(Beginning of Stored data)
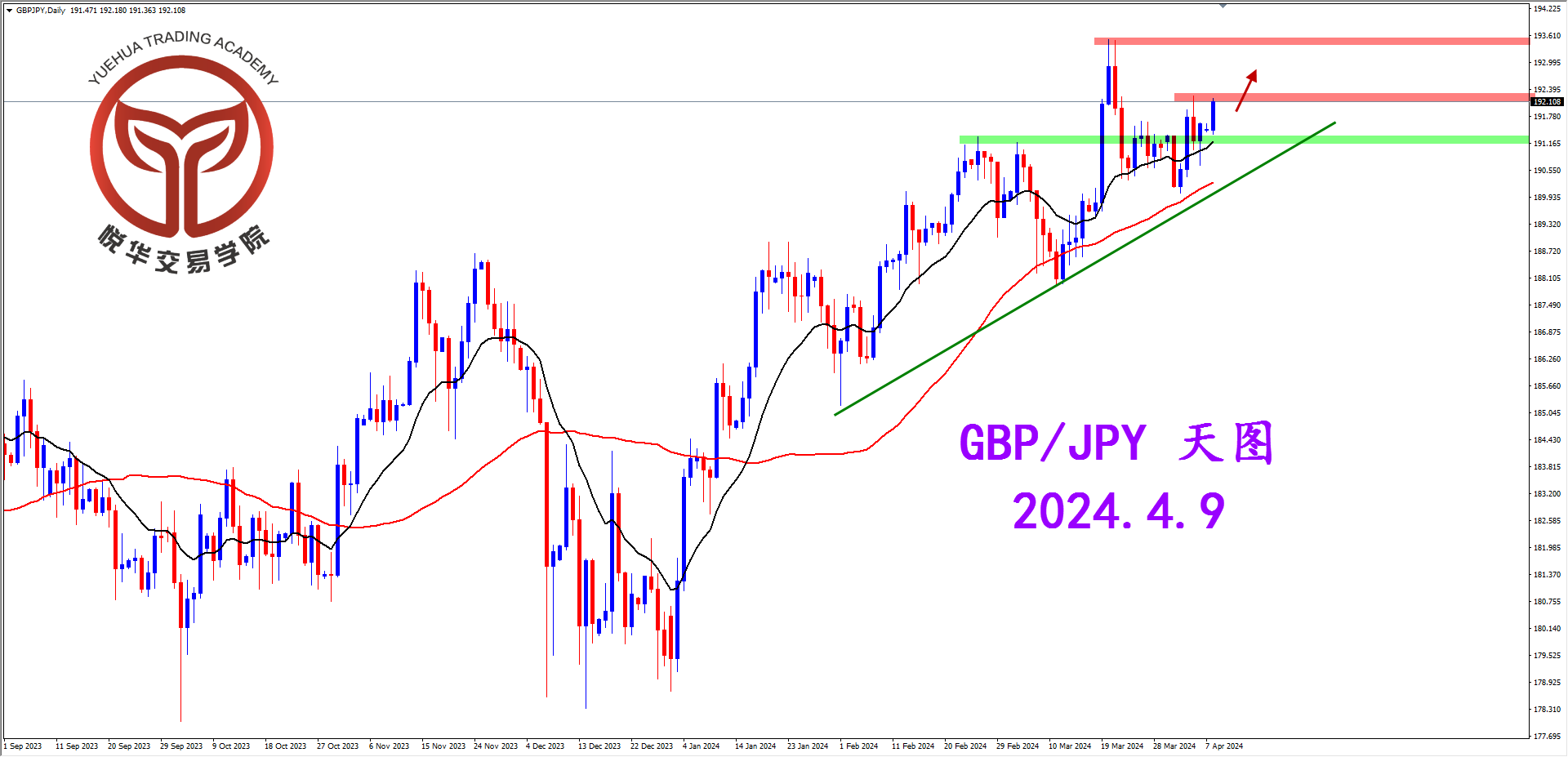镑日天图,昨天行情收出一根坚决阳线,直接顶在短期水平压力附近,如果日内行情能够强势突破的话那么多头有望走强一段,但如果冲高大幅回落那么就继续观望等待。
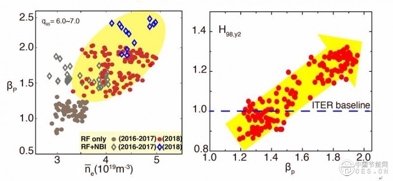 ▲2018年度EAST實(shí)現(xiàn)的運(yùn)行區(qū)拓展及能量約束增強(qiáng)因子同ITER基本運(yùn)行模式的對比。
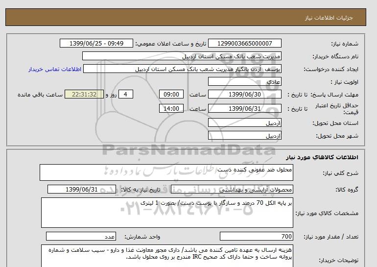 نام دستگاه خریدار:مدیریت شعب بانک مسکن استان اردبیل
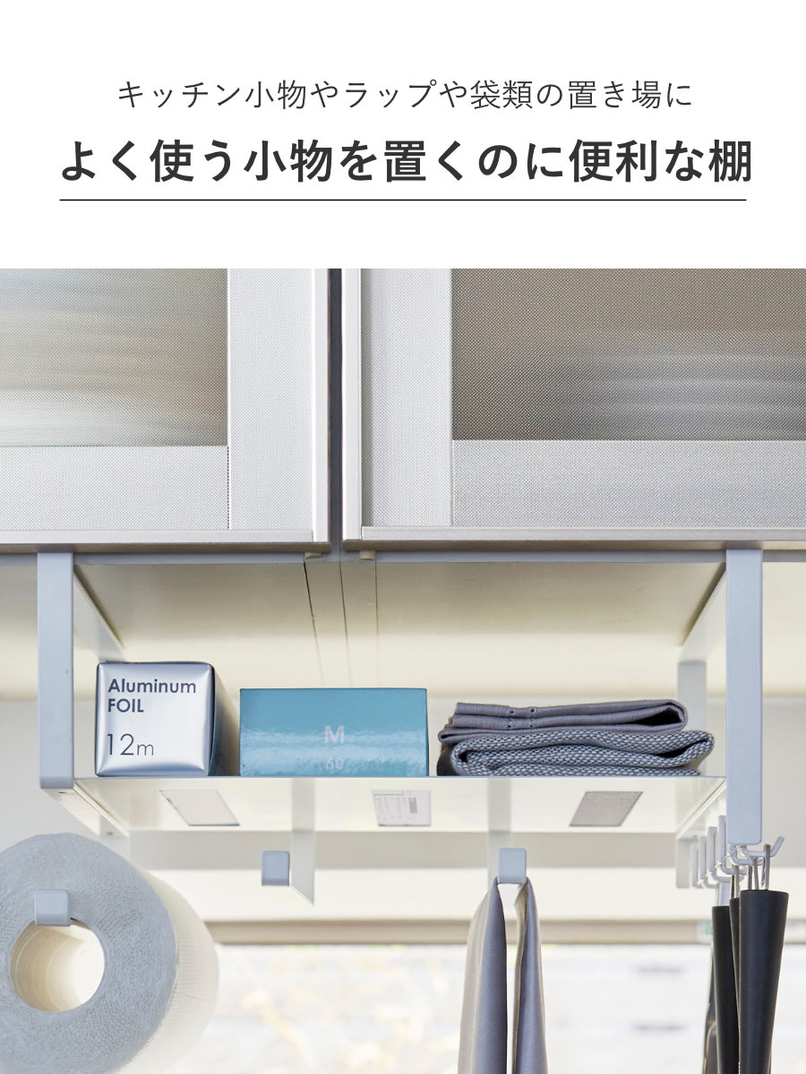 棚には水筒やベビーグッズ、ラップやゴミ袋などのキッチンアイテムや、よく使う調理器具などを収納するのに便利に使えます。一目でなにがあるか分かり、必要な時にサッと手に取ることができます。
(End of Stored data)
> [Task to complete]
Nothing but the text is wanted: repeat the data above exactly, without its images.

> [Exercise solution]
镑日天图,昨天行情收出一根坚决阳线,直接顶在短期水平压力附近,如果日内行情能够强势突破的话那么多头有望走强一段,但如果冲高大幅回落那么就继续观望等待。
 ▲2018年度EAST實(shí)現(xiàn)的運(yùn)行區(qū)拓展及能量約束增強(qiáng)因子同ITER基本運(yùn)行模式的對比。
 نام دستگاه خریدار:مدیریت شعب بانک مسکن استان اردبیل
 棚には水筒やベビーグッズ、ラップやゴミ袋などのキッチンアイテムや、よく使う調理器具などを収納するのに便利に使えます。一目でなにがあるか分かり、必要な時にサッと手に取ることができます。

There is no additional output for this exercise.